What does APR mean?

Author: Simon Ellis

What does APR mean? What does APR mean?

APR. It’s those three little letters that follow a stated percentage on any sales pitch offering you credit. APR is associated with loans, credit cards, store cards, car finance, as well as many other financial products… But what does it mean? Well, look now as we explain APR and give you some tips about the way it works so you don’t end up paying more than you should.

The definition of APR

APR stands for Annual Percentage Rate. It’s the rate of interest charged on the money you borrow over the course of a year. As you pay your debt back, you’ll pay progressively less interest on the outstanding amount because it’s getting smaller. Importantly, the APR remains the same until the end of the credit agreement.

Why should I check the APR?

Naturally, when you’re shopping for a financial product and committing to honouring its terms, you want to make sure you’re getting the best deal for you. That’s why you should ALWAYS check the APR before you agree to the contract. After all, there might be a much more suitable product out there in the marketplace from a different lender.

Loans vs credit cards

APR on most credit cards is between 15% and 25%. This can seem high compared to some loan and finance products that can have APR as low as 2-3%, or even 0% for a limited time. As a result, long-term borrowing on credit cards is arguably unwise. However, credit cards DO represent a convenient and flexible way to borrow money over the short-term without entering into a lengthy contract.

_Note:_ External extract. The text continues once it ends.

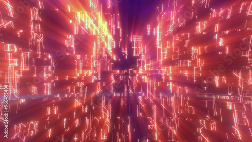 © Bolbik, Fototapeta premium Abstract glowing energy futuristic yellw hi-tech abstract background made of lines and computer stripes

Why are some APR rates low while others are high?

If you can’t secure credit at what seems like a reasonable rate of APR, then it’s probably because you have a less than ideal credit history and overall credit score. Lenders create products with higher APR for people with poor credit ratings because the higher rate of return for them mitigates the risk. Indeed, some products like payday loans come with eye-watering rates of APR, often in the thousands of per cent.

What if you can’t get a decent rate?

If you can’t get what you believe to be a decent rate of APR on a credit agreement, there are still some options available to unlock the right deal. For example, on finance and mortgage deals you may obtain a better rate by increasing your deposit. On some loans you may be able to secure credit against some collateral you own. Another option is to find a guarantor who will agree to make the repayments on your behalf if you default on the agreement.

The Compass view on APR

David Mills from Compass said: “At Compass our financial services experts work hard to get the very best deal for our customers. There are thousands of products on the market with many different variables at play. That’s why we always take the time to understand a customer’s individual circumstances.”